■ **Data section**
BEGIN
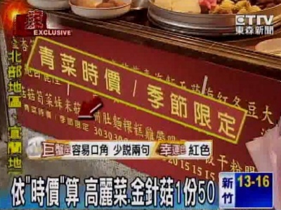 因為這一行小小的字註明,菜類依「時價」計算,像這盤高麗菜50元,金針菇也要50元。民眾:「如果買四樣吃完200多元,我不能接受,有可能是太貴了。」 業者:「成本用比較高,因為都是真材實料香菇,現在一般都是50元,一盤一份,算時價,幾乎都沒有調漲過,也沒有降過都賣這樣子。」
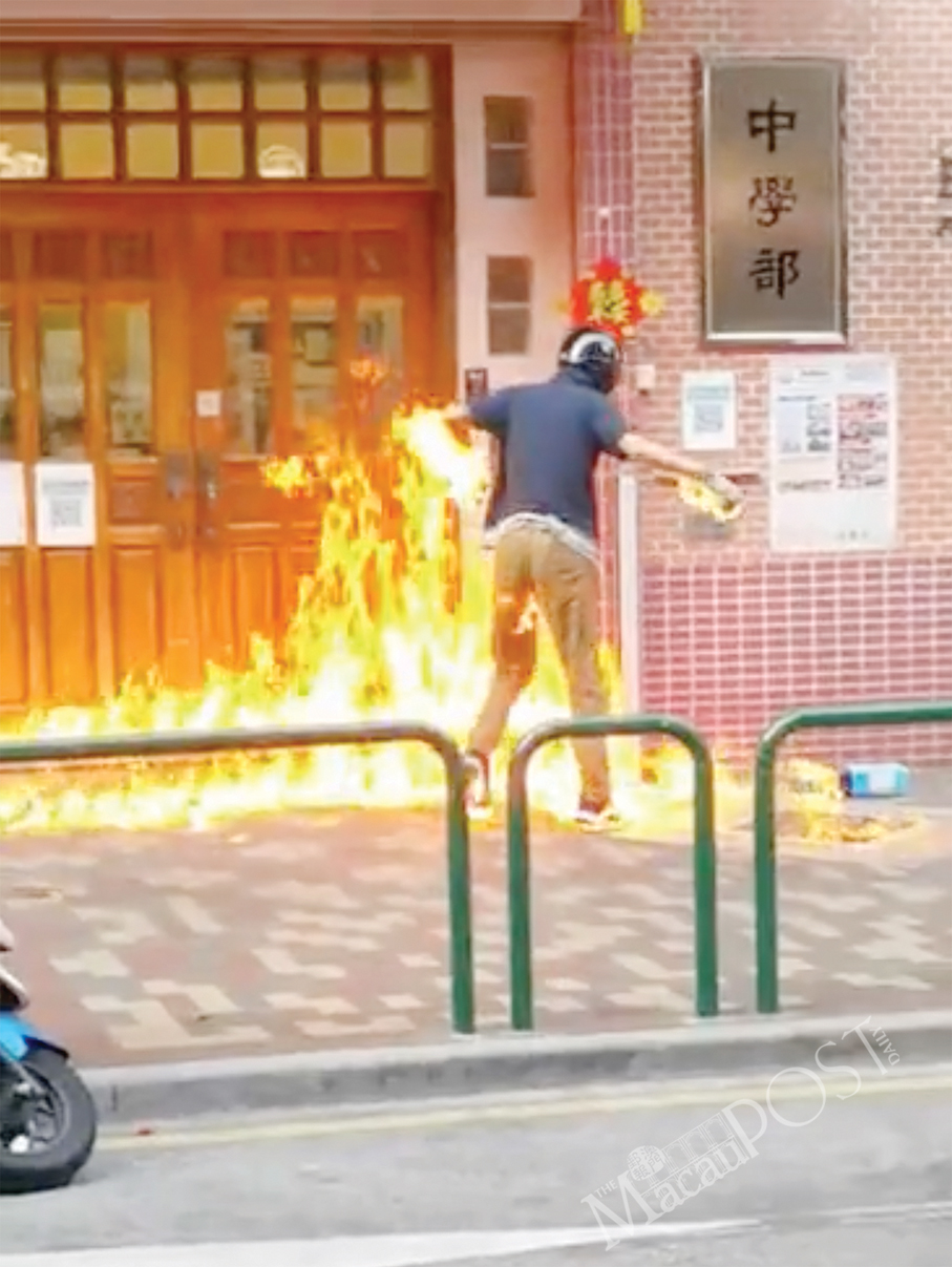 According to police and local Chinese-language media reports as well as video footage by passers-by, at about 4 p.m. on Friday the 21-year-old suspect wearing a crash helmet and holding a container suddenly splashed apparently flammable liquid on the front gate of the school, after which he ignited it.
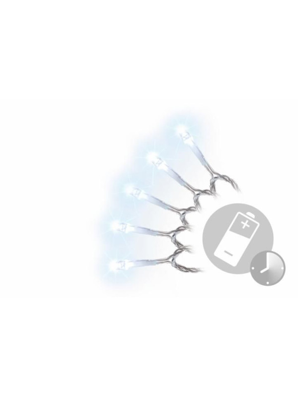 Vďaka zabudovanému časovému spínaču sa môžete rozhodnúť, kedy sa má Vaše osvetlenie zapnúť. Jednoducho si tlačidlom navolíte čas, kedy sa Vaša dekorácia rozsvieti. Uloží sa tým interval, v ktorom diódy 6 hodín svietia a 18 hodín sú vypnuté.
END
■ **Exercise**
Write out the data again word for word, minus any images.

■ **Reply to the exercise**
 因為這一行小小的字註明,菜類依「時價」計算,像這盤高麗菜50元,金針菇也要50元。民眾:「如果買四樣吃完200多元,我不能接受,有可能是太貴了。」 業者:「成本用比較高,因為都是真材實料香菇,現在一般都是50元,一盤一份,算時價,幾乎都沒有調漲過,也沒有降過都賣這樣子。」
 According to police and local Chinese-language media reports as well as video footage by passers-by, at about 4 p.m. on Friday the 21-year-old suspect wearing a crash helmet and holding a container suddenly splashed apparently flammable liquid on the front gate of the school, after which he ignited it.
 Vďaka zabudovanému časovému spínaču sa môžete rozhodnúť, kedy sa má Vaše osvetlenie zapnúť. Jednoducho si tlačidlom navolíte čas, kedy sa Vaša dekorácia rozsvieti. Uloží sa tým interval, v ktorom diódy 6 hodín svietia a 18 hodín sú vypnuté.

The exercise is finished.